»»
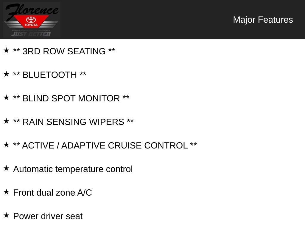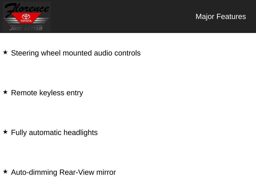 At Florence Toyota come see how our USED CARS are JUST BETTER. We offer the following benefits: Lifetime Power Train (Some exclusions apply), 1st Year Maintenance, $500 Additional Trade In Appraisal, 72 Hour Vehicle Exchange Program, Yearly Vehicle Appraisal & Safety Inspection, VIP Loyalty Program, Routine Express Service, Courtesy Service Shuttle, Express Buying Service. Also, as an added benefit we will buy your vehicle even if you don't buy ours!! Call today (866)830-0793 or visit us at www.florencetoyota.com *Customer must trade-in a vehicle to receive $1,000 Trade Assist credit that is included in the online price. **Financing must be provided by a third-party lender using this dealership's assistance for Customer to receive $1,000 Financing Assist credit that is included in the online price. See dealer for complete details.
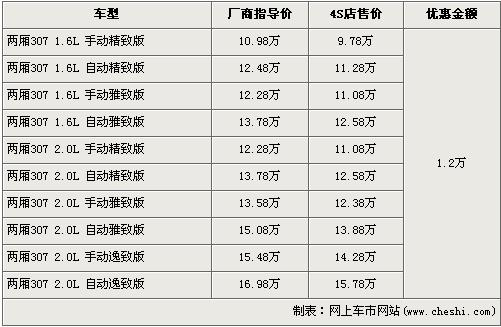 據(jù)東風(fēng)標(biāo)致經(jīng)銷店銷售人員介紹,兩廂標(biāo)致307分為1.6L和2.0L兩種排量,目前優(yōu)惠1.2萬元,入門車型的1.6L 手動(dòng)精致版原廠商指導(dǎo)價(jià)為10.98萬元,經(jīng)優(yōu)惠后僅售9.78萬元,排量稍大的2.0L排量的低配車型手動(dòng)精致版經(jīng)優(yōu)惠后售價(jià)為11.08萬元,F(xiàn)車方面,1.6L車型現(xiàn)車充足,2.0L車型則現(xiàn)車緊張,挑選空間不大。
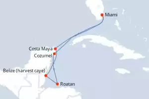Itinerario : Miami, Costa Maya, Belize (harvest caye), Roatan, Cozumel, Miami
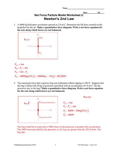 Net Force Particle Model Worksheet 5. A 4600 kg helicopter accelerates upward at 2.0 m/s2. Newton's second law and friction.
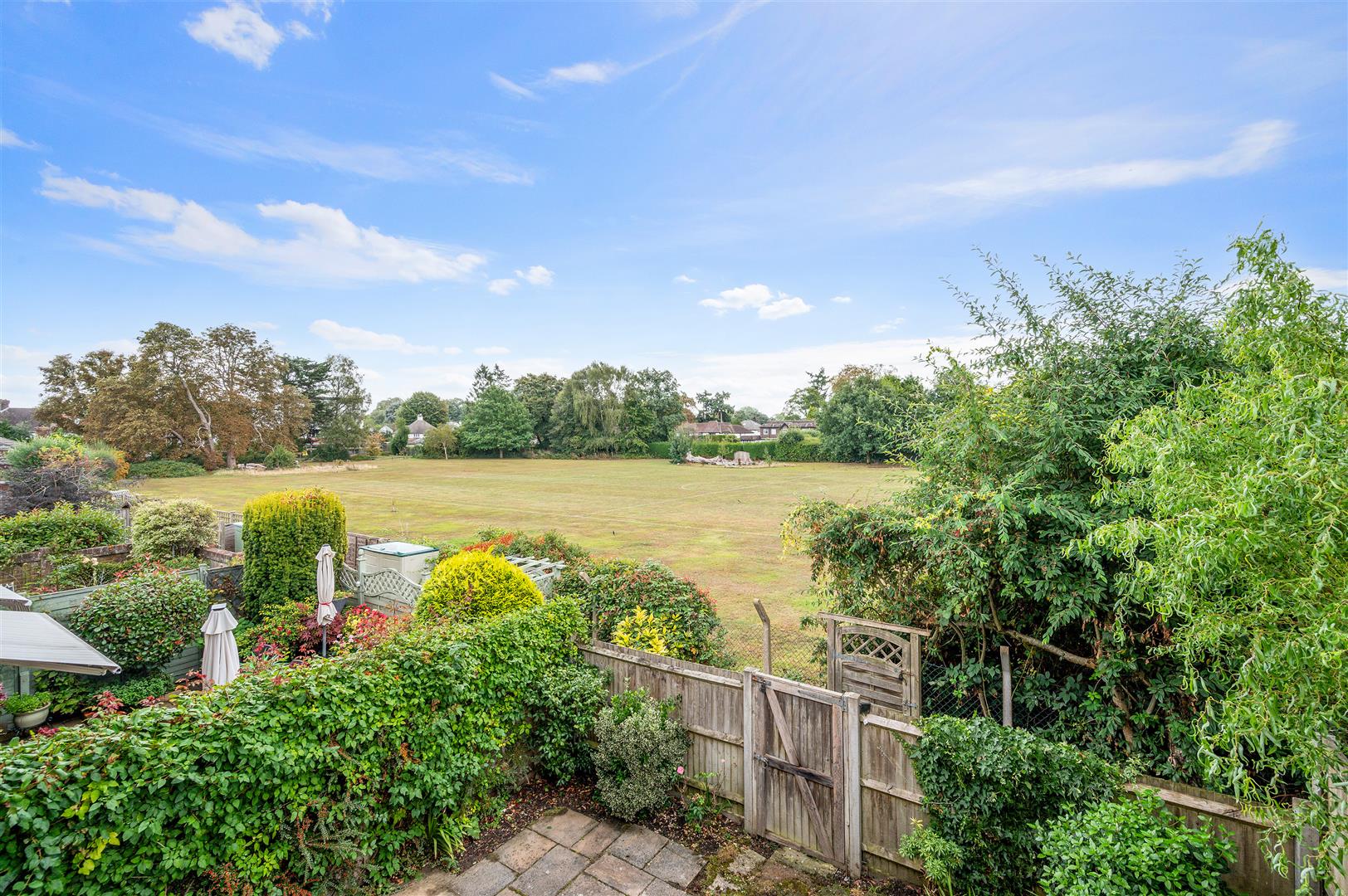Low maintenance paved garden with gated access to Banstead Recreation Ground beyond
««
»»
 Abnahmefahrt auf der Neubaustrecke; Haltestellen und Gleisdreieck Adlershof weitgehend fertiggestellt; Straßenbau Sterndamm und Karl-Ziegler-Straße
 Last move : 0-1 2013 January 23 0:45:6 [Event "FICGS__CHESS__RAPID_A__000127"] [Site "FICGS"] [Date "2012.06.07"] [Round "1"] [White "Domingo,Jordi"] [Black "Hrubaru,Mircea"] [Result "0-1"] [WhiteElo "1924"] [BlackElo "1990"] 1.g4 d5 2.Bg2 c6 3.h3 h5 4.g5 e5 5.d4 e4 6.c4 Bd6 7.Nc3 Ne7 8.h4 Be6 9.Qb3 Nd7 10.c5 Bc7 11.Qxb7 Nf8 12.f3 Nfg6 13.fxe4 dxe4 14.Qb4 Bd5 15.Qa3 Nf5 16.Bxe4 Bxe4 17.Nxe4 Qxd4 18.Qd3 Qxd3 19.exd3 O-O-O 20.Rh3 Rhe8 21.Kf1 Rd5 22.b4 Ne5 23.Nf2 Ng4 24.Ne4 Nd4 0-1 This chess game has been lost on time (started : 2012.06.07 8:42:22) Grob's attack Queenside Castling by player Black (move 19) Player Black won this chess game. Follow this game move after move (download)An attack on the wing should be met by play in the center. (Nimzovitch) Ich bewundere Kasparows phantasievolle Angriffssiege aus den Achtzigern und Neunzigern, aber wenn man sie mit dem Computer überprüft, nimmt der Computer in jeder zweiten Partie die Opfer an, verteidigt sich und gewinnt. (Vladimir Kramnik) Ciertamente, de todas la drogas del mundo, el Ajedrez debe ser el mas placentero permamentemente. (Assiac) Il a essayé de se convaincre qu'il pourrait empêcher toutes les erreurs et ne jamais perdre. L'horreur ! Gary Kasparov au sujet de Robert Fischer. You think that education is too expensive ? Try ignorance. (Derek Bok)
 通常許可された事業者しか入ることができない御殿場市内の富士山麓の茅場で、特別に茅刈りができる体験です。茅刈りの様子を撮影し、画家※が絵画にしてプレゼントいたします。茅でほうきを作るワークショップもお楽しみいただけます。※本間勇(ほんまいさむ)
««
■ Instructions for the task:
An exact copy is needed. It runs from the line above containing "據(jù)東風(fēng)標" down to the line containing "Itinerario : Miami, Costa", both included, with no pictures.

■ Written response:
 據(jù)東風(fēng)標(biāo)致經(jīng)銷店銷售人員介紹,兩廂標(biāo)致307分為1.6L和2.0L兩種排量,目前優(yōu)惠1.2萬元,入門車型的1.6L 手動(dòng)精致版原廠商指導(dǎo)價(jià)為10.98萬元,經(jīng)優(yōu)惠后僅售9.78萬元,排量稍大的2.0L排量的低配車型手動(dòng)精致版經(jīng)優(yōu)惠后售價(jià)為11.08萬元,F(xiàn)車方面,1.6L車型現(xiàn)車充足,2.0L車型則現(xiàn)車緊張,挑選空間不大。
Itinerario : Miami, Costa Maya, Belize (harvest caye), Roatan, Cozumel, Miami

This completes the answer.